DATASET EXCERPT -

------

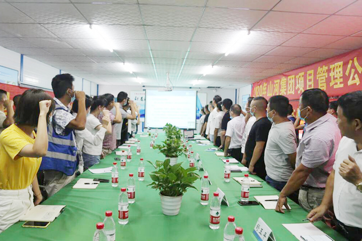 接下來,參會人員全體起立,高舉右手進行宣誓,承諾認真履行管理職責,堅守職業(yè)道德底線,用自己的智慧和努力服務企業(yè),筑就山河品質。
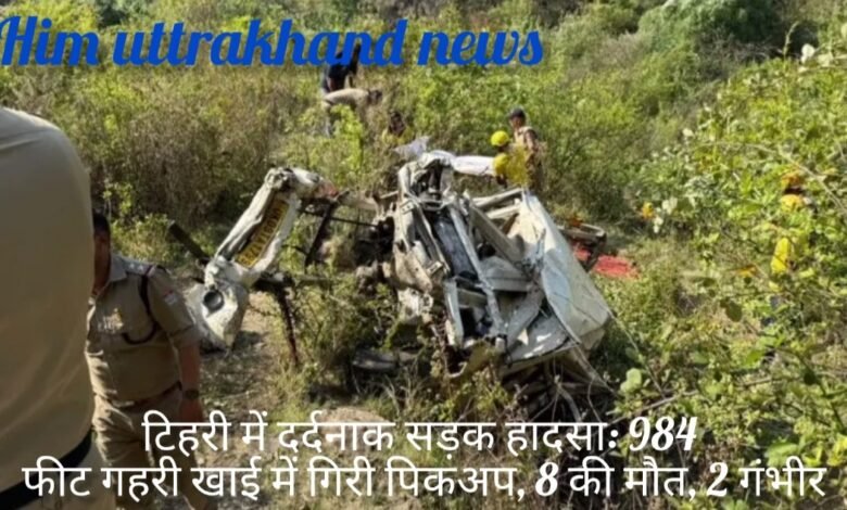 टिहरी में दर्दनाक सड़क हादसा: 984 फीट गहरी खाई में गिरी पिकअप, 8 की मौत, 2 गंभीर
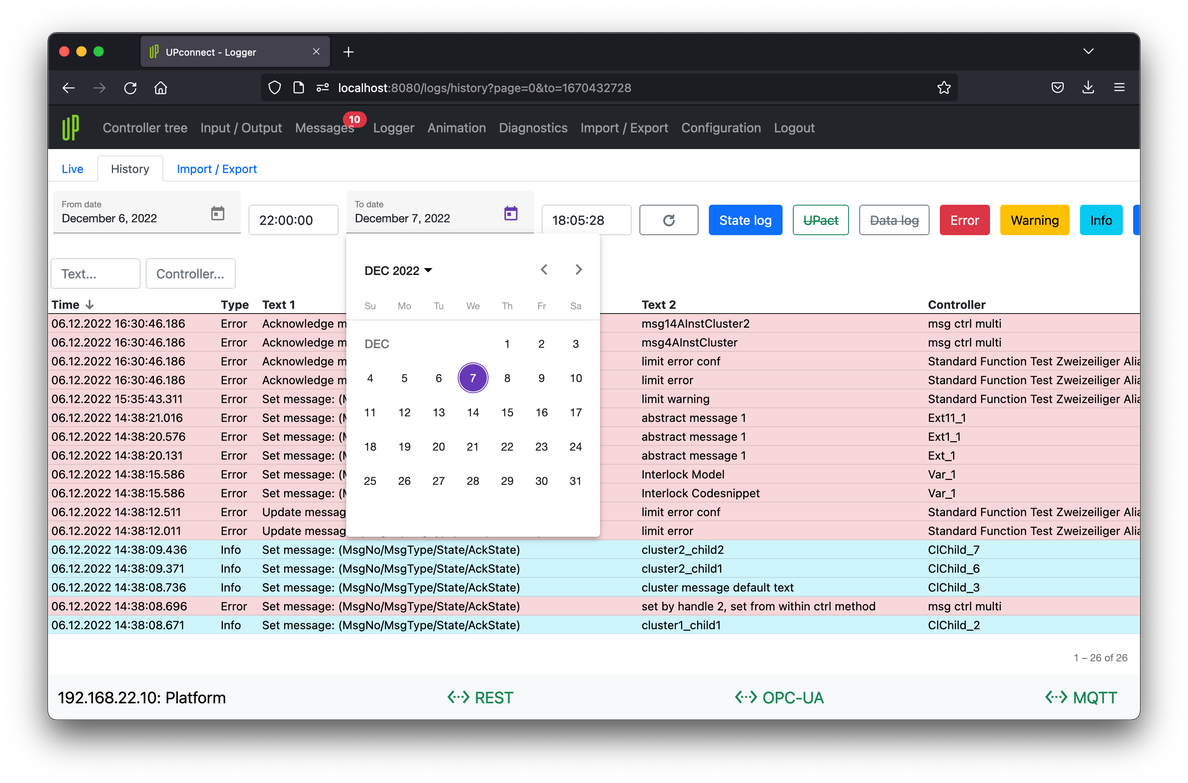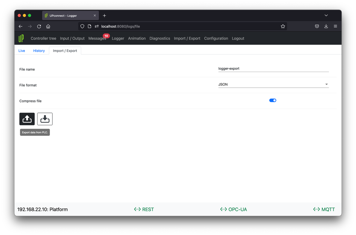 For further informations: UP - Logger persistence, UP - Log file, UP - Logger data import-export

------

WHAT IS REQUIRED - Repeat the material line for line. Pictures stay out of the copy.

RESPONSE TO THIS TASK -
 接下來,參會人員全體起立,高舉右手進行宣誓,承諾認真履行管理職責,堅守職業(yè)道德底線,用自己的智慧和努力服務企業(yè),筑就山河品質。
 टिहरी में दर्दनाक सड़क हादसा: 984 फीट गहरी खाई में गिरी पिकअप, 8 की मौत, 2 गंभीर
 For further informations: UP - Logger persistence, UP - Log file, UP - Logger data import-export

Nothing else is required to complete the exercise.